Rough weather sailing gear is essential if you're planning on being on a yacht throughout the winter - and even in the summertime. The thing about weather is that it can change rapidly, and if you're out on the open ocean, chances are you're going to feel the true force of what Mother Nature can really do. It can be brutal to say the least. However, if you're prepared and have all the necessary clothing and equipment, your experience will be far more positive and actually enjoyable.

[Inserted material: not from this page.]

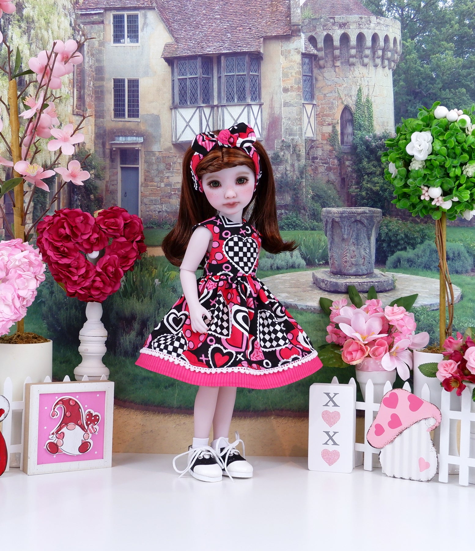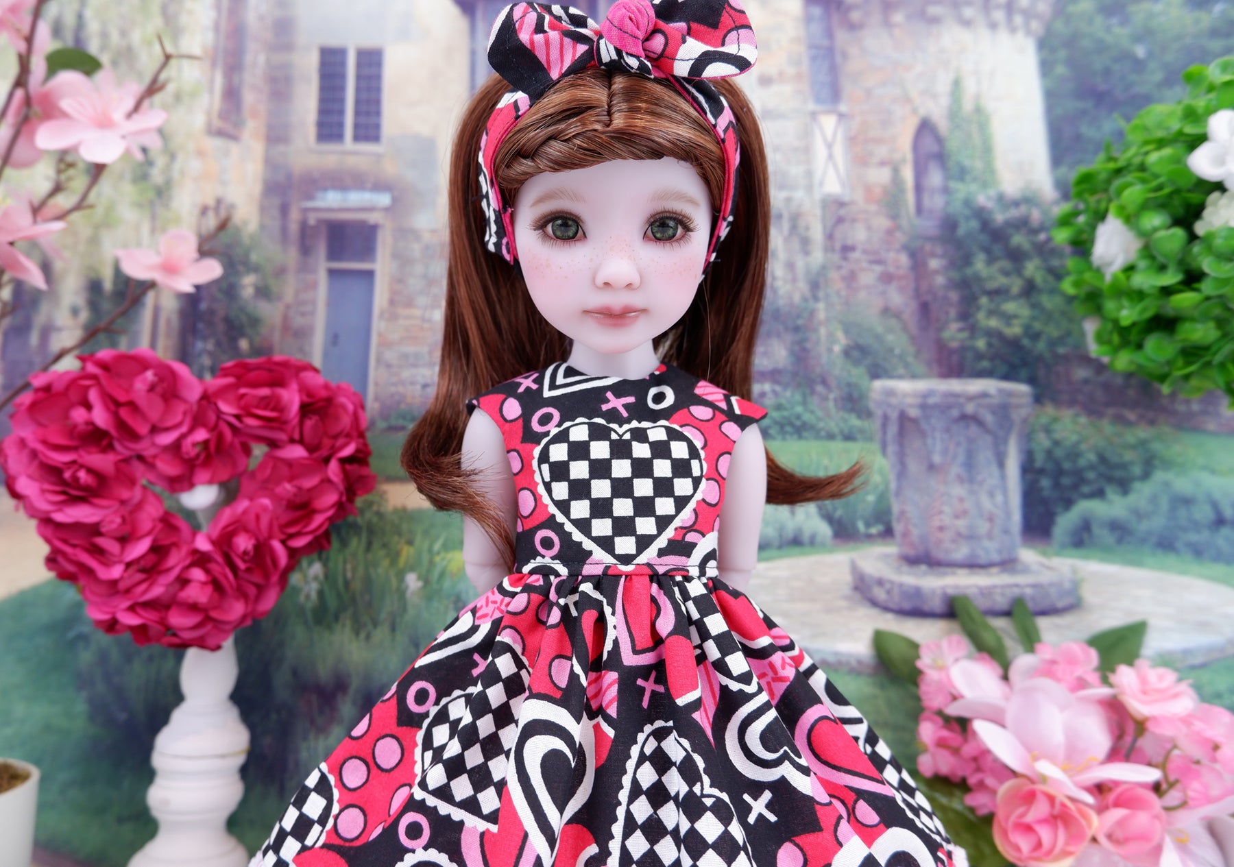 This delightful dress ensemble is a great addition to any Ruby Red Fashion Friend's wardrobe for this Valentine's Day. The dress is made of a darling black chess board heart with red and fuchsia hearts on black cotton. The fully lined bodice features a cap sleeve. The skirt is full and gathered at the waist for a wonderful silhouette with white pom pom trim above the contrast fuchsia stripe print cotton at the hem. The dress fastens in back with buttons. Add the matching headband for a hair accessory. The retro style knot headband is made of heart & stripe print cottons and features elastic behind the neck for easy styling.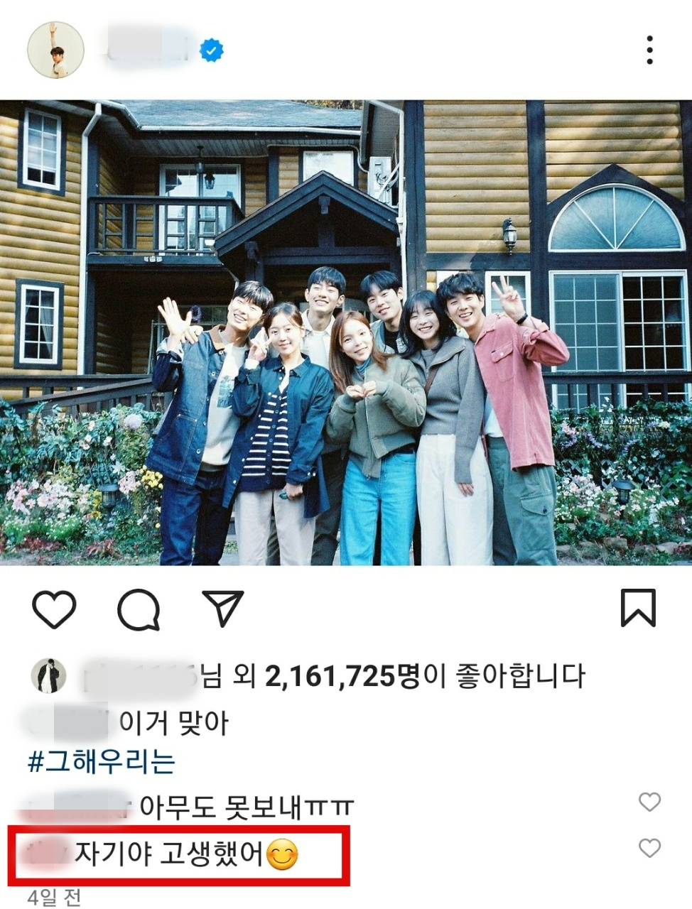 뷔는 지난 26일 최우식이 인스타그램에 게재한 '그 해 우리는'에 함께한 배우들과 찍은 사진에 다정하게 "자기야 고생했어"라고 댓글을 달아 팬들을 설레게 하기도 했다.

It's all about keeping the body protected from the elements. This can be the outside temperature, rain, hail, saltwater and the wind (chill factor). Rough weather sailing gear consists of heavy-duty jackets, smocks, trousers and drysuits. Each item of clothing is basically a shell designed to keep water off your body and act as a barrier between the wind and your skin. These days, due to technological material advancements, rough weather sailing gear is extremely 'high-performance' allowing you to have complete freedom with your movement whilst also being exceptionally comfortable. However, rough weather sailing gear is not insulated. Your warmth will be determined by how well you layer underneath. Click here for more information on layering.
Unlike layers, that are meant to fit pretty tightly, rough weather sailing gear is generally looser, allowing for more freedom of movement. The length of your sleeve should cover your palms when your arms are resting beside your body. This may seem a little odd at first, but the reason behind it, is that it allows you to raise and move your arms when you have multiple layers on underneath - and when it comes to sailing, you're going to be moving a lot! However, if you don't like the feel of your sleeves covering your palms, you can tighten the Velcro in order to keep the sleeve above your wrist.
The length of your trousers will be similar for the same reason. When you're ocean sailing or racing, you'll be required to move around the deck quite often, and you'll also be made to crouch and sit down. You need to have enough space/movement within your trousers to allow this to happen. There will be Velcro straps at your ankles to tighten, so your trousers don't engulf your shoes and become a safety hazard.
According to APS (Annapolis Performance Sailing) there are seven (7) categories of rough weather sailing gear:
- Light inshore
- Buoy racing
- Dinghy racing
When it comes to 'proper' rough weather, the ocean and offshore categories are the two most important, in terms of having the appropriate sailing gear.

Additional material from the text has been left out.